:: TASK TO COMPLETE ::
Only one stretch of the data should be retyped: the lines from the line containing "据「新知南通研究院」不完全统" through the line containing "白のももんじゃが、感想します". Keep pictures out of it.

:: DATA PROVIDED ::
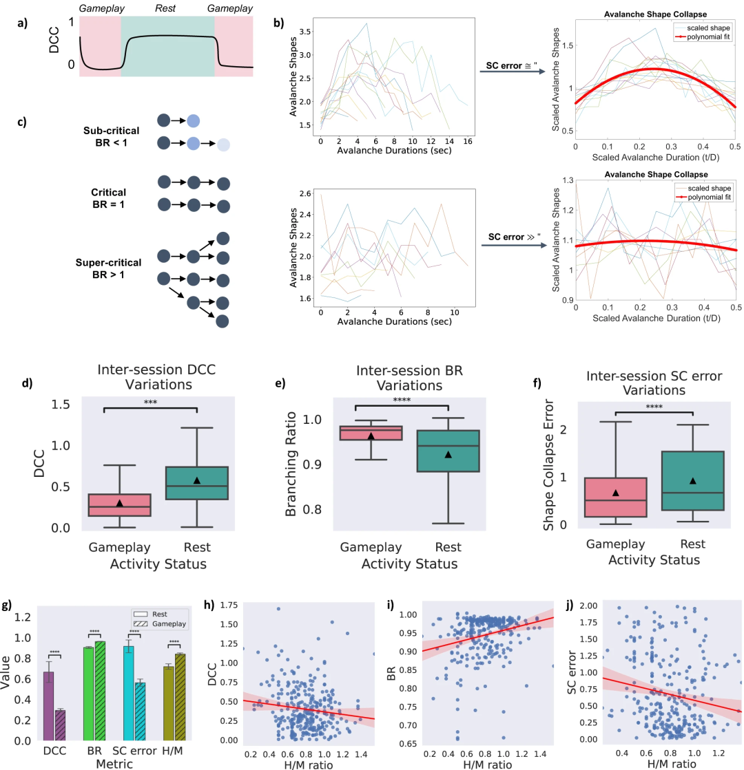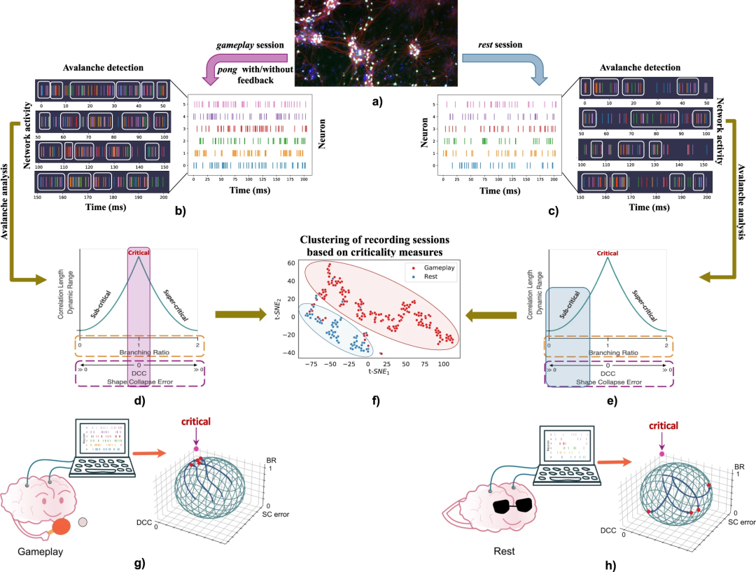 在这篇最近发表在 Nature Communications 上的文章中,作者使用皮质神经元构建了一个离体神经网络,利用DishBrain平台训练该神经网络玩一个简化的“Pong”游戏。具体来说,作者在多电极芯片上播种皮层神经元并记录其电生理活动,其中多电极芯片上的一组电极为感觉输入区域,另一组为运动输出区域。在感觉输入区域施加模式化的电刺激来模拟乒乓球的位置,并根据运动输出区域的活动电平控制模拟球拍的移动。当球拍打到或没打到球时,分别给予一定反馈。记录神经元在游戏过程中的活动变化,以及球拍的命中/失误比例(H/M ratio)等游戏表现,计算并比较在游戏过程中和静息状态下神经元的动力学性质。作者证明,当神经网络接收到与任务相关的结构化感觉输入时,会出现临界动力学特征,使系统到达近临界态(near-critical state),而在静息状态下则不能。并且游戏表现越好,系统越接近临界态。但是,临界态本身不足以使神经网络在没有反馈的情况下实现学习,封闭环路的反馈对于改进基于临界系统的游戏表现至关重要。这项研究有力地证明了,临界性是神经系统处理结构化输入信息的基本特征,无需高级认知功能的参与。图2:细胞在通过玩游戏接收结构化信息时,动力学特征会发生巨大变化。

...

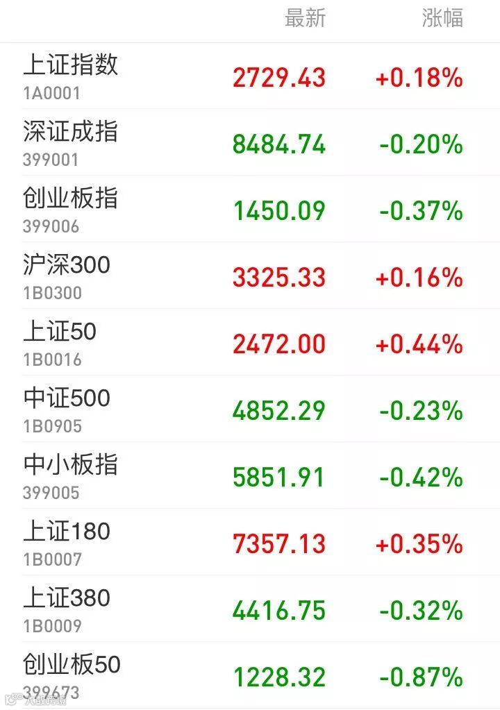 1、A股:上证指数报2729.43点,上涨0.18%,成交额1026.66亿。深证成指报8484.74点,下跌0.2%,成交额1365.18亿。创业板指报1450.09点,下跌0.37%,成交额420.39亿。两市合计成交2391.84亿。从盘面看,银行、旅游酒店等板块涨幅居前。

...

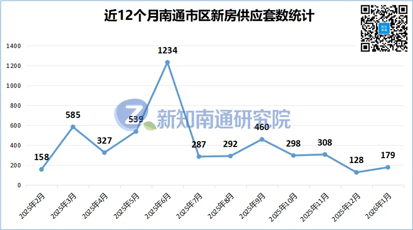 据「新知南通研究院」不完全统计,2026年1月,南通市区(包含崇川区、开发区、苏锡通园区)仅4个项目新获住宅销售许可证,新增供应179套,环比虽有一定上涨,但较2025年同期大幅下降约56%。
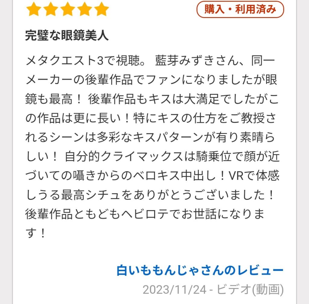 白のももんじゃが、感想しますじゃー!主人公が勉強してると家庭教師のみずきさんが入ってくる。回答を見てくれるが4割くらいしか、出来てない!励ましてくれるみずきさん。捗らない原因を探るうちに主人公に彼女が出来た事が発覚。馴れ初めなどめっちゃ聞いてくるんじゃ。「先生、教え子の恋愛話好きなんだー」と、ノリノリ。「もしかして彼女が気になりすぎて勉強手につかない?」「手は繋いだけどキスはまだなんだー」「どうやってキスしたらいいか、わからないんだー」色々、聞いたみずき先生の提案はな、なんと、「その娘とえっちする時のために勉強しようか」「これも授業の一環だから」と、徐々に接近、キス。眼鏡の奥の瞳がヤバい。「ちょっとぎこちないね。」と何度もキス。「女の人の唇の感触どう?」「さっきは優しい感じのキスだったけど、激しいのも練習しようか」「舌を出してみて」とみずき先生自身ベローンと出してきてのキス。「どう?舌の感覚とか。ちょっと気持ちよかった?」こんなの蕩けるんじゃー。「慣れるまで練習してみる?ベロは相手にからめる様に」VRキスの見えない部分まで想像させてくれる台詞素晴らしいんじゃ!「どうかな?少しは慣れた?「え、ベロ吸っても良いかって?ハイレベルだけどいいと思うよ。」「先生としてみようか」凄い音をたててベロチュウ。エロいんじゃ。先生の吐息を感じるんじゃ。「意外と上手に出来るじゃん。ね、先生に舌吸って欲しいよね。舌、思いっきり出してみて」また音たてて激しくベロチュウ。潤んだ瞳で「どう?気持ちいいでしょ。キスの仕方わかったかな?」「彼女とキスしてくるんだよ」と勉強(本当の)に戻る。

:: WRITTEN RESPONSE ::
 据「新知南通研究院」不完全统计,2026年1月,南通市区(包含崇川区、开发区、苏锡通园区)仅4个项目新获住宅销售许可证,新增供应179套,环比虽有一定上涨,但较2025年同期大幅下降约56%。
 白のももんじゃが、感想しますじゃー!主人公が勉強してると家庭教師のみずきさんが入ってくる。回答を見てくれるが4割くらいしか、出来てない!励ましてくれるみずきさん。捗らない原因を探るうちに主人公に彼女が出来た事が発覚。馴れ初めなどめっちゃ聞いてくるんじゃ。「先生、教え子の恋愛話好きなんだー」と、ノリノリ。「もしかして彼女が気になりすぎて勉強手につかない?」「手は繋いだけどキスはまだなんだー」「どうやってキスしたらいいか、わからないんだー」色々、聞いたみずき先生の提案はな、なんと、「その娘とえっちする時のために勉強しようか」「これも授業の一環だから」と、徐々に接近、キス。眼鏡の奥の瞳がヤバい。「ちょっとぎこちないね。」と何度もキス。「女の人の唇の感触どう?」「さっきは優しい感じのキスだったけど、激しいのも練習しようか」「舌を出してみて」とみずき先生自身ベローンと出してきてのキス。「どう?舌の感覚とか。ちょっと気持ちよかった?」こんなの蕩けるんじゃー。「慣れるまで練習してみる?ベロは相手にからめる様に」VRキスの見えない部分まで想像させてくれる台詞素晴らしいんじゃ!「どうかな?少しは慣れた?「え、ベロ吸っても良いかって?ハイレベルだけどいいと思うよ。」「先生としてみようか」凄い音をたててベロチュウ。エロいんじゃ。先生の吐息を感じるんじゃ。「意外と上手に出来るじゃん。ね、先生に舌吸って欲しいよね。舌、思いっきり出してみて」また音たてて激しくベロチュウ。潤んだ瞳で「どう?気持ちいいでしょ。キスの仕方わかったかな?」「彼女とキスしてくるんだよ」と勉強(本当の)に戻る。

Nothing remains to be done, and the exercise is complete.